J'avais bien pensé à dire une chose aujourd'hui :

il passe un ami, un oiseau, une lettre, un coup de fil, un coup sans complément, une pizza, de belles couleurs, de belles voix et des horreurs, puis de belles musiques... et puis encore un tas de trucs pour lesquels je ne suis pas certain d'avoir trouvé ni les mots et l'âme qui les nourrit... Alors je dis comme (presque) tout le monde : "Quel bordel , vain Guieu !"

Parfois,

je me rappelle, ou je me souviens, et je suis stupéfait de la Présence. Oui, même sans le vouloir, on agace même la Présence, pourtant si insolemment elle-même. Y a kekchoz qui va pas... Il va falloir bricoler.

vendredi 23 octobre 2015

C'était bien aujourd'hui :

j'ai déjeuné avec un ami, vous savez : ces amis à qui l'on dit tout avec pudeur et qui comprennent même l'impudeur sans mots. Nous avons aussi remarqué les couleurs, celles des arbres, qui disent tout, autrement.

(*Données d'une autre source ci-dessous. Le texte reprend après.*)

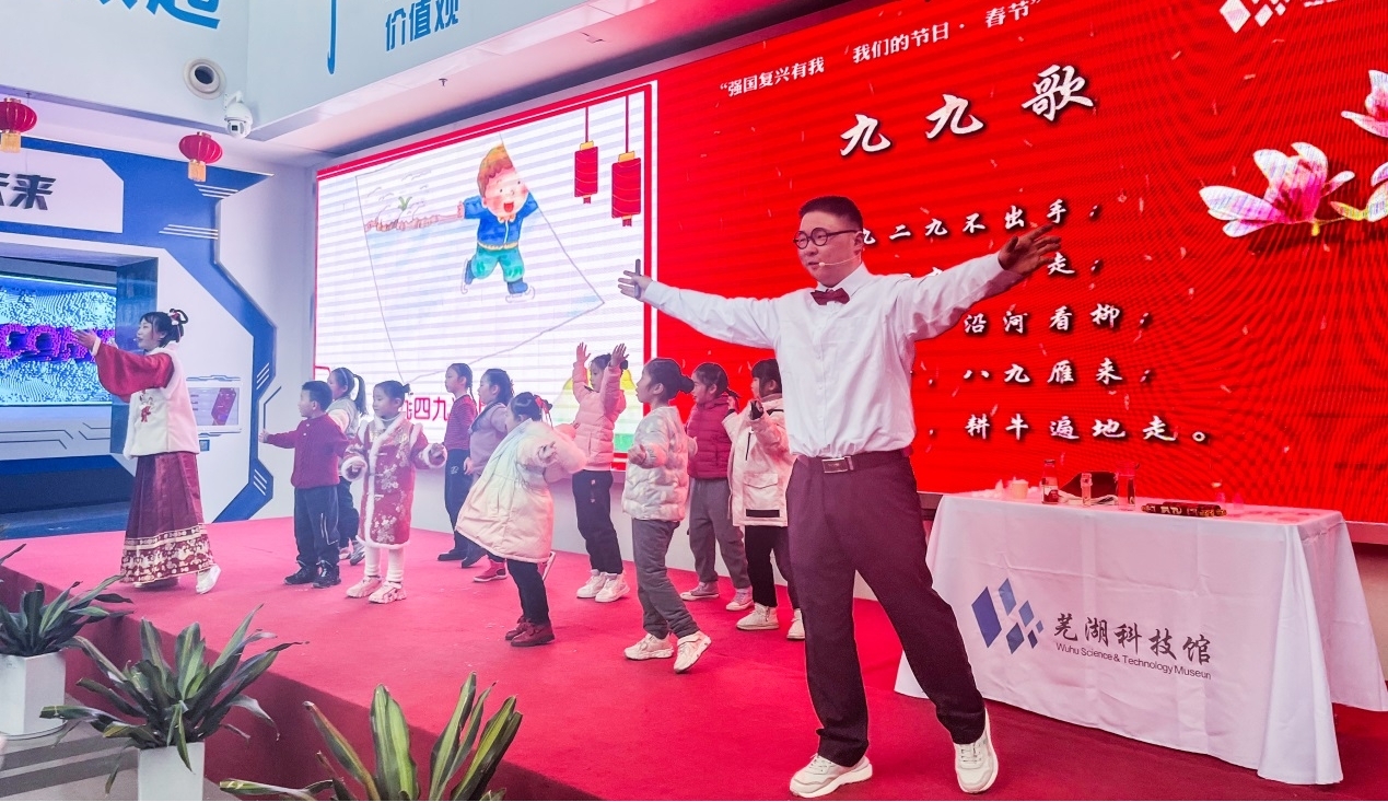 科学表演秀“中国传统文化中的科学—立春”。近年来,芜湖科技馆研发了“中国传统文化中的科学”系列表演秀,今年春节推出了24节气中的立春。通过一位穿越到现代的“古代网红”和现代科学达人的激情碰撞,介绍二十四节气的由来,与立春节气的的传统习俗,通过现场古今大PK,展现古今传统的差异和传承。通过科学表演秀,烘托了节日气氛,让观众感受到中国传统文化的独特魅力。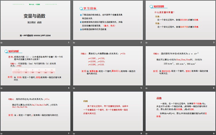 关键词:人教版八年级下册数学PPT课件免费下载,变量与函数PPT下载,一次函数PPT下载,函数PPT下载,.PPT格式;

Après ce fut café dessert.

mercredi 21 octobre 2015

Je suis jaloux

quand j'écoute la version publique de "beau dommage" : "le phoque". Entendre et voir tous ces gens chanter si juste avec les musiciens qui en sont si heureux... Je suis jaloux de savoir que même mon plus beau poème ne sera jamais si magnifiquement populaire.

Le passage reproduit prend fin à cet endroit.